Function splitPlot is capable of analyzing a wide variety of split-plot experiments. Whole-plot and split-plot factors can each be designated as either fixed or random, allowing for experiments with fixed, random or mixed treatment effects. By default, splitPlot assumes that all treatment factors are fixed effects, i.e. wholeFixed and splitFixed are default settings. Whole-plot or split-plot factors can each be declared as random effects by setting the optional input arguments wholeRandom and splitRandom, respectively.

Split-plot experimental designs can also vary in the assignment of the whole-plot factor to its experimental units. In some cases, this assignment is completely random. For example, in a drug study the experimental unit might be the subject receiving a treatment. The whole-plot factor, possibly different treatments, could be assigned in one of two ways. Each subject could receive only one treatment or each could receive all treatments over an appropriate period of time. If each subject received only a single randomly selected treatment, then this design constitutes a completely randomized design for the whole-plot factor, and the optional input argument crd must be set.

On the other hand, if each subject receives every treatment in random order, then the subject is a blocking factor, and this sampling scheme constitutes a randomized complete block design. In this case, it is necessary to assume that there are no carry-over effects from one treatment to another. This sampling scheme is the default setting, i.e., rcbd is the default setting.

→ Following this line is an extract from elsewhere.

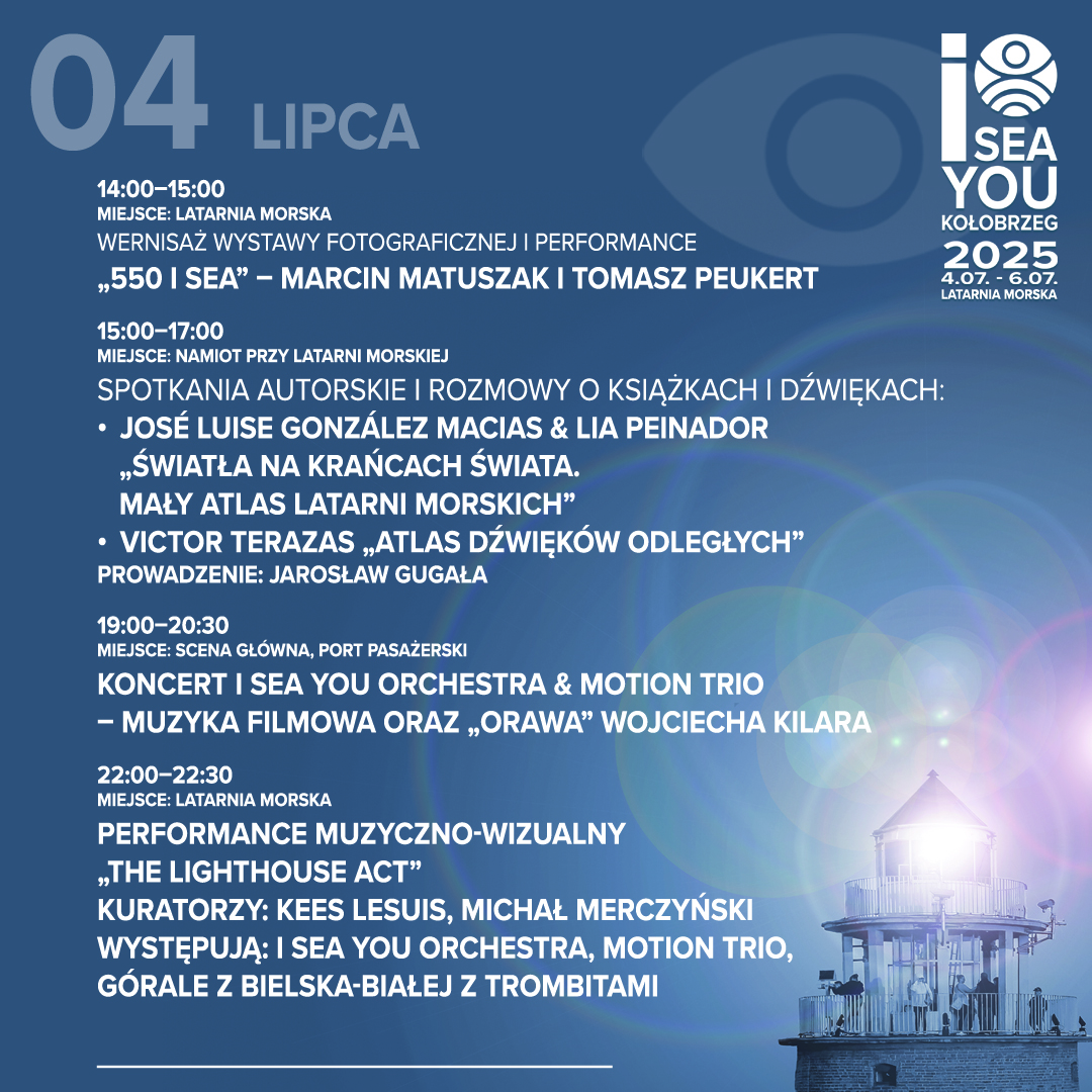 Festiwal rozpocznie się o godz. 14:00 wernisażem wystawy fotograficznej „550 I SEA" autorstwa Marcina Matuszaka i Tomasza Peukerta – wyjątkowe połączenie obrazu i dźwięku w przestrzeni kołobrzeskiej latarni. Wystawa „Kadrowanie wiersza”. Wiersz a fotografia. Uchwycenie świata, który przemija. Marcin Rurek i Poezja Żywa. Następnie, w namiocie przy latarni, odbędą się spotkania autorskie z wybitnymi twórcami literatury. Usłyszymy José Luisa Gonzáleza Maciasa i Lię Peinador, a także Victora Terazasa z jego zmysłowym „Atlasem dźwięków odległych”. Rozmowy poprowadzi dziennikarz i publicysta Jarosław Gugała. Wieczorem, na Scenie Głównej w Porcie Pasażerskim, zabrzmi muzyka filmowa w wykonaniu I SEA YOU ORCHESTRA i Motion Trio, z finałowym utworem „Orawa” Wojciecha Kilara. O 22:00 ponownie wrócimy do latarni, gdzie odbędzie się spektakularny performance muzyczny „THE LIGHTHOUSE ACT” z udziałem orkiestry, Motion Trio i górali z Bielska-Białej grających na tradycyjnych trombitach.

A similar randomization choice occurs in agricultural field trials. A trial designed to test different fertilizers and different seed lots can be conducted in one of two ways. The whole-plot factor, fertilizer, can be applied to different fields, or each can be applied to sub-divisions of these fields. In either case, a field is the whole-plot experimental unit. In the first case in which only a single randomly selected fertilizer is applied to a single field, the whole-plot factor is not blocked and this scheme is called as a completely randomized design, and the optional input argument crd must be set. However, if fertilizers are applied to sub-plots within a field, then the whole-plot factor is blocked within fields and this assignment is referred to as a randomized complete block design. By default, this function assumes that levels of the whole-plot factor are randomly assigned within blocks, i.e. rcbd is the default setting for randomizing whole-plots.

The essential distinction between split-plot experiments and completely randomized or randomized complete block experiments is the presence of a second factor that is blocked, or nested, within each level of the whole-plot factor. This second factor is referred to as the split-plot factor, see Table 4.22. If levels of this factor were completely randomized, then two or more treatments with the same split‑plot level could be assigned to the same whole-plot level, see Table 4.23.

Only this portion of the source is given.